Tintoretto's Susanna

His Susanna is fat but beautiful.
His elders are frail ghosts - bloodless.

Tintoretto curls Susanna's hair, spreads
her large but fascinating legs carelessly
within a few feet of the ignored ancients.

She towels her right foot, questions her mirror,
casually dangles the left in the pond. The artist
has no interest in the story of the intended rape, the shouting
and weeping, the threat of stoning and the interrogation...

Lovingly Tintoretto inserts, to the left, a stag, and to the right
2 ducks with ducklings, framed delightfully in a space
(an open window) lightly and delicately surrounded with thin trees...
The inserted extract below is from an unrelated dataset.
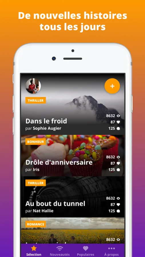 De nouvelles histoires tous les jours, 100% gratuites, pour vous faire vibrer en moins de cinq minutes...
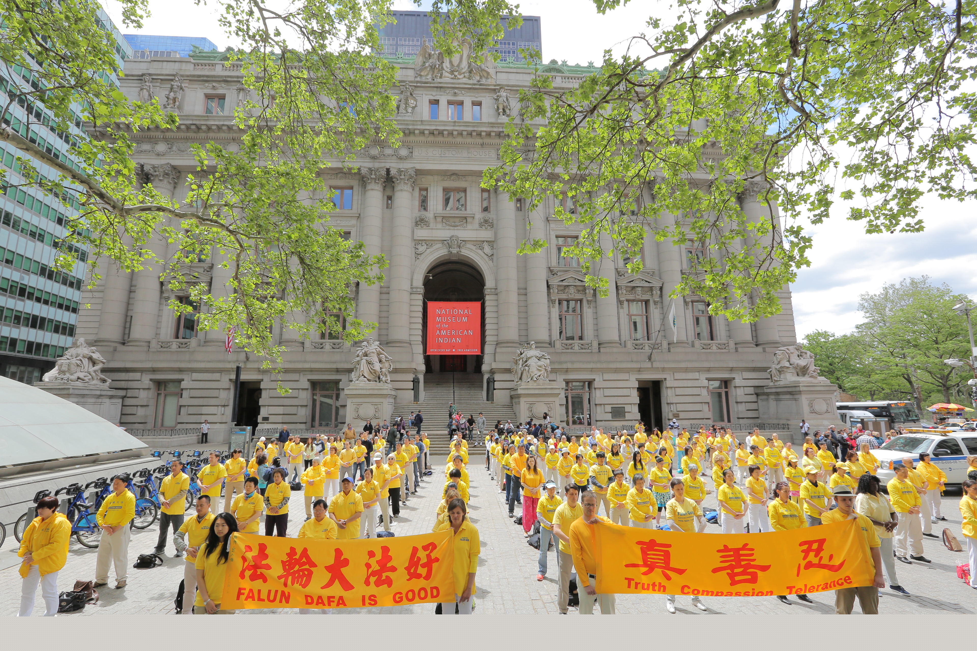 宝林绿公园 (Bowling Green Park)是纽约最早的市区公园,五月十三日早晨,部份从世界各地前来纽约参加“庆祝第十六届世界法轮大法日”系列活动的法轮功学员在公园集体炼功,吸引了很多路人学功。

Tintoretto is fixed fascinated, lost in the beauty of the scene;
he sits Joyfully In his garden, while the wretched old men
creep to the valley, are dragged protesting to the stoning.


The writer in the Apocrypha says that Susanna was a very fair woman, and having stated that the 2 elders every day watched her going into her rich husband's garden he declares the elders perverted their minds, failed to remember just judgments, and were inflamed with love for her.

To the artist the ancients are merely a part of the garden, 2 ghosts vaguely associated with 2 other ghosts - Daniel? and the youth supposed to have fled from the garden?

Perhaps Tintoretto suggests there is a problem but ignores it: he lights up the attractiveness of the woman, the richness of her possessions, and the beauty of her garden.